Antes de caer el sol, y tras otra pequeña travesía, llegamos a la segunda de nuestras islas, Tabayan Island, que será nuestro nuevo campamento base para la noche. Desde la lejanía parece aún más paradisíaca y grande que la anterior, con un largo arenal dorado y una vegetación aún más exuberante y tropical. Esta vez nuestros huts son más bonitos y amplios, tienen enchufes (aunque no luz) y lo mejor: están literamente a la orilla del mar.

Ruben Karel

Se repiten las escenas de la tarde anterior, aunque esta vez tenemos aún más isla por explorar y una playa larga y desierta para recorrer. En nuestro paseo encontramos una familia de isleños viviendo en una cabaña, con su pequeña piara de cerditos y sus gallinas. Vemos monos saltando en los árboles. 

RUBEN KAREL

Espíritu ecológico

Tras la cena, otro momentazo: hoguera en la playa viendo las estrellas y canciones con la guitarra en varios idiomas hasta las tantas y, por supuesto, más Jungle Juice. Nos dormimos con el ruido del mar en los oídos. Al amanecer solo hace falta descorrer la cortina amarilla del hut para contemplar un panorama que parece de postal. Luego nos espera un largo baño en el mar, esnórquel en el gran arrecife cercano y más paseos por la playa antes del increíble desayuno: huevos con berenjenas a la brasa, fruta fresca, café...

RUBEN KAREL
RUBEN KAREL

El tercer y último día es sin duda el más triste.

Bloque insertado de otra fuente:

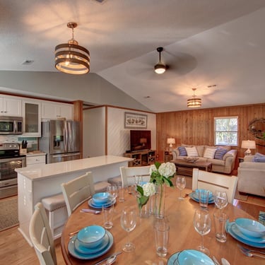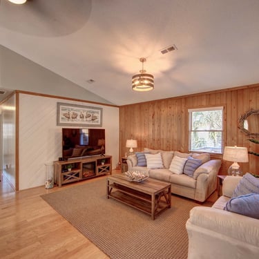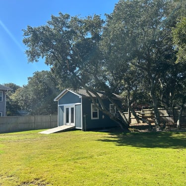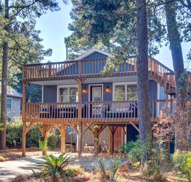 Tucker's Treehouse is located in a nice walking community, near the sound side. The neighborhood is quiet with lots of shade trees. Loved how the host set up the dog crate for us, along with a food and water bowl station. Covers on the couches was an extra touch. The house is spotless. For a dog friendly location, everything was clean and there were no lingering odors of previous fur guests. I think this place is perfectly located in a quiet environment where you and your family can relax after taking in the sights or hanging on the beach.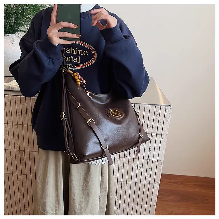 - Túi đeo chéo nữ retro, dung tích lớn, mẫu mới thu đông 2025, kiểu dáng giản dị, đa năng, có thể dùng làm balo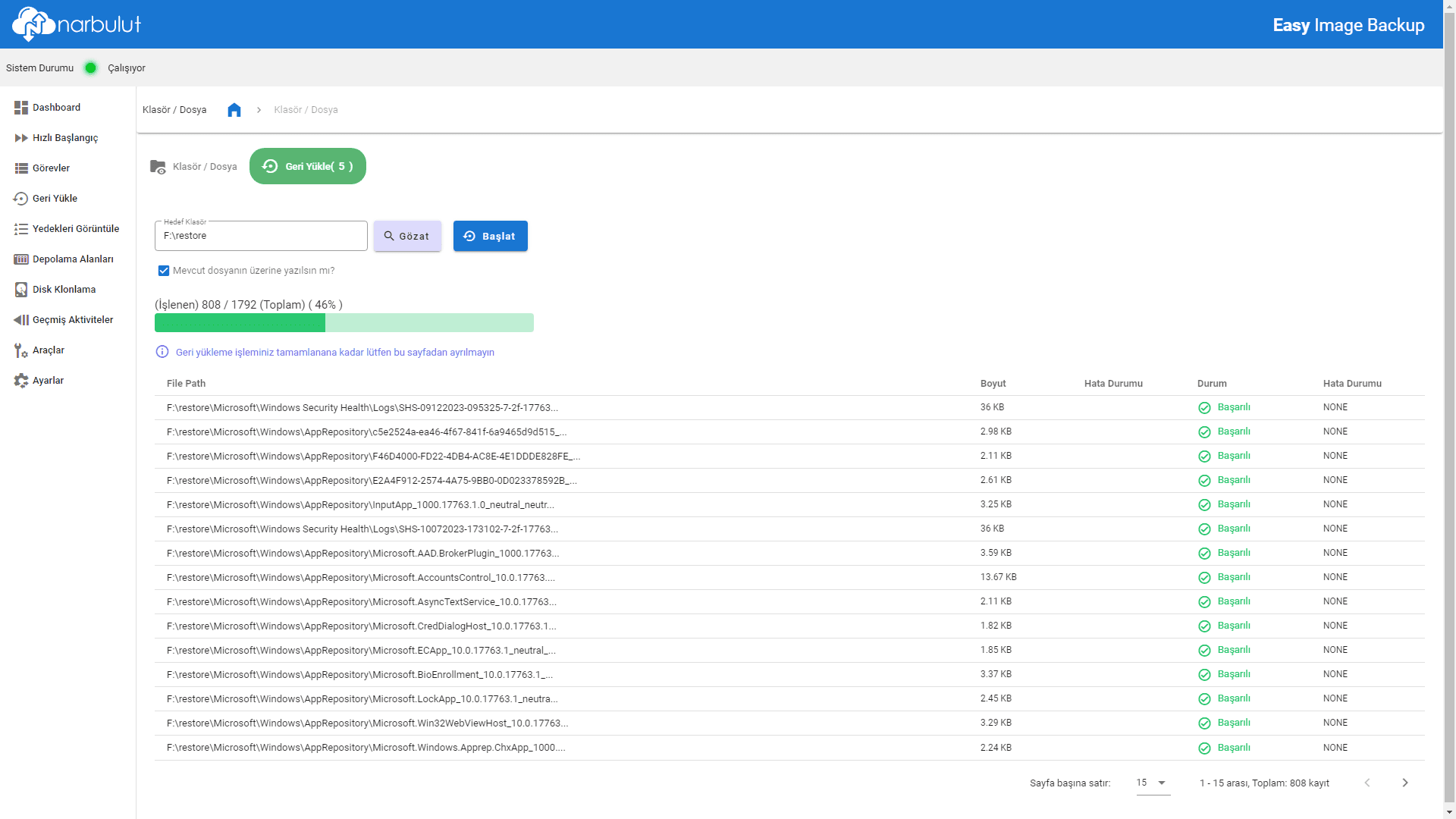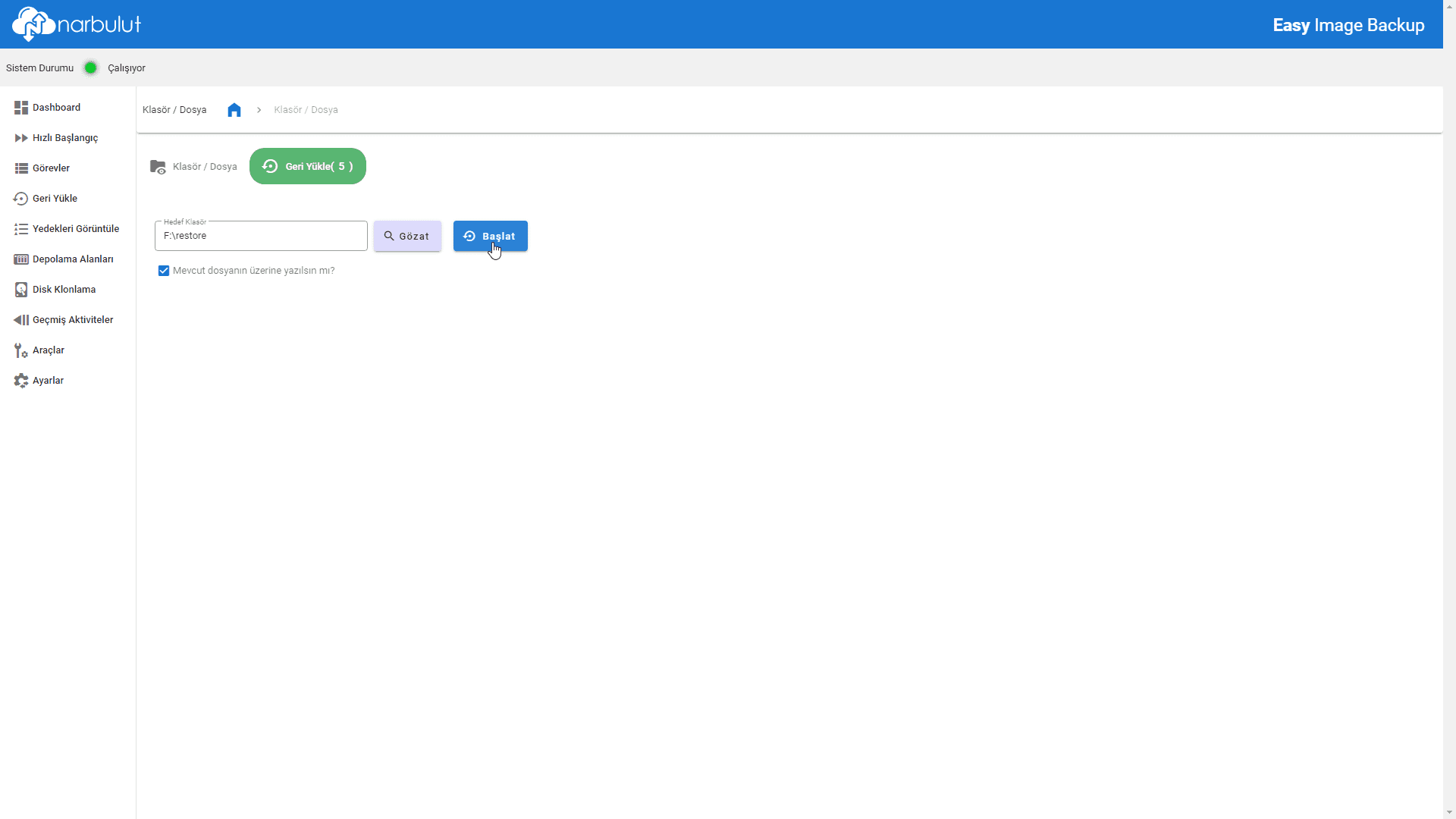 3. Gözat butonunu kullanarak geri yükleme yapılacak hedef dizini seçin. Hedef dizinde aynı isimli dosyalar ile karşılaşılması halinde üzerine yazma yapılıp yapılmayacağına karar verin. Başlat butonu ile geri yükleme işlemini başlatın.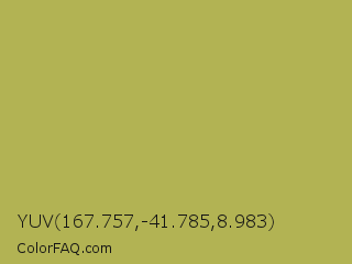 YUV 167.757,-41.785,8.983 Color is a normal yellow color and the nearest color is Olive Green #b5b35c. Hex code #b2b353 and RGB value is rgb(178,179,83). In RGB color space, this color is composed of 70% red, 70% green, 33% blue, In CMYK color space, this color is composed of 1% cyan, 0% magenta, 54% yellow , 30% black , In HSL color space, this color has a hue angle of 61° , 39% saturation and 51% lightness.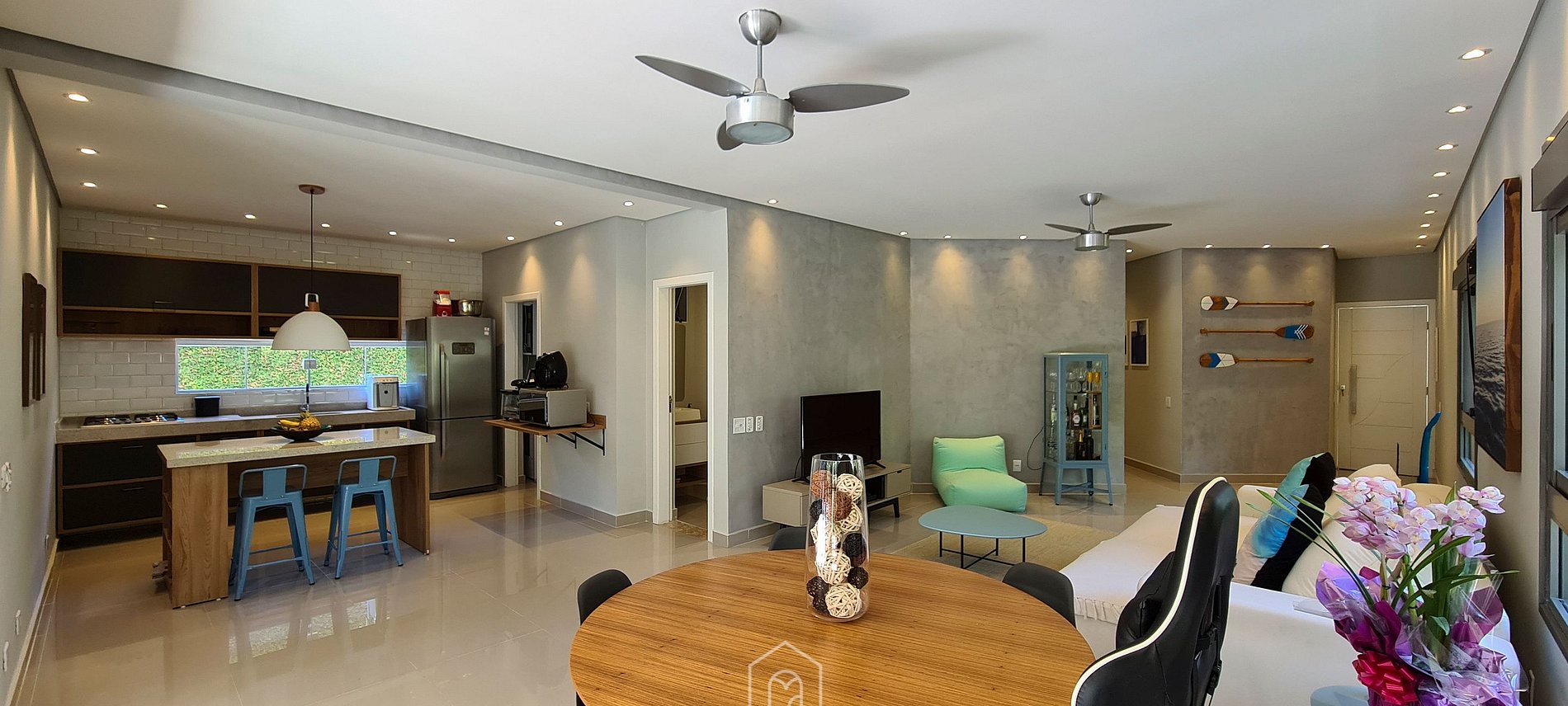Logo ao entrar na casa, o hóspede terá acesso à uma sala de estar com TV a cabo, sofá retrátil e mesa de jantar. A cozinha é completa com utensílios necessários para a estadia, além de ter uma ilha central com duas banquetas. Nesse espaço contamos, ainda, com um lavabo.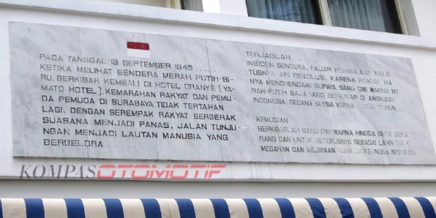 Di tempat ini terjadi peristiwa besar yang disebut dengan "Insiden Hotel Yamato" pada 19 September 1945. Saat itu, terjadi peristiwa perobekan bendera Belanda (merah-putih-biru) menjadi merah-putih (bendera Indonesia). Jadi, setelah Proklamasi Kemerdekaan Indonesia dibacakan, ada maklumat dari Presiden Soekarno untuk mengibarkan bendera negara di semua wilayah Indonesia, 31 Agustus 1945.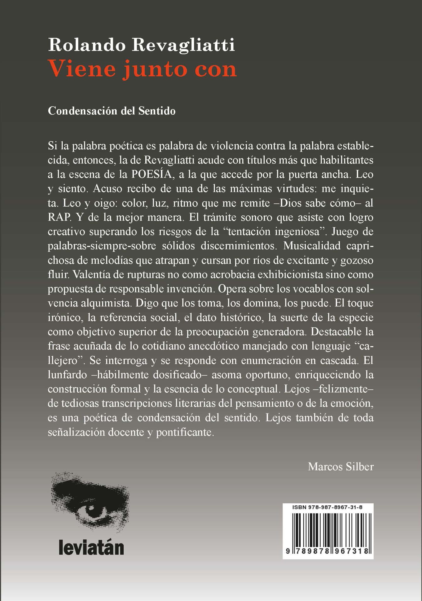 1. Los poemas que integran Viene junto con son perfectos ejemplos de una original, trabajada y discernible manera de hacer poesía; la misma que, en mayor o menor medida, podemos encontrar en casi todos los libros de Rolando Revagliatti; la misma que, sin temor a exagerar, podemos entender como una estética, como un estilo. Tal como plantea Marcos Silber en el epílogo, advertimos en estos textos la preeminencia de «una poética de condensación del sentido», pero que no se manifiesta tanto en el plano conceptual (al menos, no de la forma en que la hallaríamos en Bashō, Gracián o Girri), sino más bien en el plano sintáctico, en donde la ruptura sintagmática, la elisión y el anacoluto, junto con los singulares juegos de palabras, se ponen sus mejores ropajes de operadores discursivos de poetización para trastocar la matriz lógica de los enunciados escogidos. Un ejemplo de esto bien podrían ser los versos del poema «Asumiendo»: «Uno / ya / se va / perdiendo // Cosas / uno / ya / se va // Perdiendo / de ellas // Perdiéndoselas».

Nuestra vida salvaje está próxima a terminar, así que queremos aprovechar cada segundo de ese panorama que ya para siempre llevaremos grabado en la retina. A última hora de la mañana nuestro barco llega a otra paradisíaca isla, Pangaray Island, esta vez ya muy cerca de San Fernando, el puerto de El Nido y fin de la expedición. Pangaray es el cuartel general de Tao en la zona. Por lo tanto, es mucho más grande y está algo más civilizada que las anteriores, aunque con el mismo espíritu ecológico y de escrupuloso respeto al entorno. Es tan exuberante, tan verde y de tal belleza, que uno parece estar en la isla de Parque Jurásico.

Roben Karel

Según vamos recorriendo la isla, aún descalzos, nos explican la filosofía de Tao como empresa de turismo de aventura apoyada siempre en los locales, sus proyectos sociales y de agricultura sostenible. Nos enseñan sus pequeñas granjas de animales, sus cooperativas de mujeres, sus proyectos educativos y cómo parte de lo que recaudan con el turismo es reinvertido en proyectos sociales, educacionales y de sostenibilidad medioambiental. El resultado es una propuesta de turismo ecológico que, además de proporcionar una experiencia paradisíaca y única a los viajeros, sirve para dar trabajo y vida digna a las comunidades locales, además de mantener las islas en su estado virgen, sin construcciones o infraestructuras que las dañen y escapando del turismo de resort.

Cuando acabamos el tour, nadie se quiere marchar de la isla porque ya sabemos que no hay más, no vendrá una siguiente. Apuramos los últimos minutos trepando a las palmeras, apartándonos de los demás para retener en el corazón la esencia de todo lo que hemos vivido. Sabemos que cuando salgamos de allí y subamos de nuevo al barco rumbo al muelle de El Nido la utopía de ser salvajes habrá terminado, y también que nunca podremos olvidar nuestra particular escuela de Robinsones.